The disappointing employment data for April have elevated the question of whether the availability of unemployment benefits at higher levels during the COVID economic crisis is keeping workers at home. Today’s state-by-state data release from the Bureau of Labor Statistics offers one piece of evidence that this is not the case.
States vary substantially in the percentage of their unemployed who receive unemployment insurance benefits (UI). State eligibility rules vary significantly and the likelihood of meeting the criteria can differ depending on industry concentration and other factors. Although there are many factors at play, if unemployed workers are staying home because of unemployment benefits, one might expect states with a higher share of their unemployed receiving benefits to see a lower share of their unemployed re-entering the workforce. Yet, from March to April, we do not see that pattern.
The figure below is a scatter plot showing, from left to right, states going from lower to higher in benefit recipiency as of March. The Y-axis represents the drop in the number of unemployed from March to April going from smaller to larger drops from bottom to top. A pronounced downward slope would suggest that the availability of UI was driving people to stay unemployed. There is, however, no clear pattern. In fact, the slope is slightly upwards.

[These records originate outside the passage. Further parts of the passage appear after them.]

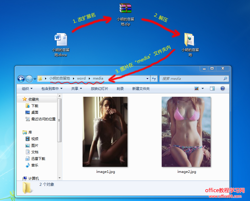 第二种:修改扩展名 *此方法不适用于Office 2003,适用于2007及之后的版本。(因为 .docx 等 以 x 结尾 的文档,才是压缩文档,文件体积也偏小。) 将Office文件扩展名改成.zip,然后解压即可。例如,将“的自留地.docx”重命名为“的自留地.zip”,然后解压,图片就在media文件夹。(个人认为这种方法最为简单。)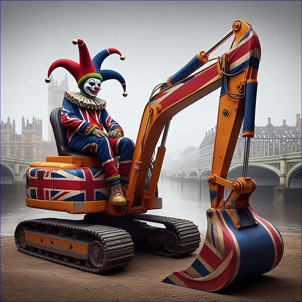 A ta mašina? Farageho bagr je buď metafora pro „vyhrabávání Británie z krize“, nebo náznak, že jeho politika má stejnou jemnost jako buldozer. Každopádně je to nejvzrušivější okamžik britské politiky od doby, kdy Boris Johnson uvízl na lanové dráze.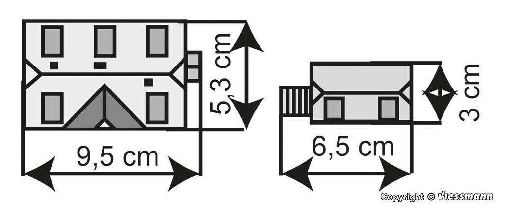 Masse: Hauptgebäude L 9,5 x B 5,3 x H 8,0 cm, Nebengebäude L 6,5 x B 3,0 x H 4,0 cm

The figure can also be toggled to show the same graph but with the special COVID recession benefits for the self-employed taken out. The data on this Pandemic Unemployment Assistance (PUA) program have been volatile for some states and for some self-employed the meaning of “unemployed” can be somewhat ambiguous. This graph, however, shows the same lack of any indication that the benefits are keeping workers out of the job market.
There are many factors that could explain the pattern here. Some of the data are volatile and recipiency rates are complicated right now, as what it means to be unemployed is in the middle of a transition given the unique circumstances of the COVID recession. Nevertheless, this one indicator offers no support for the proposition that UI benefits are keeping people out of the workforce in any significant numbers.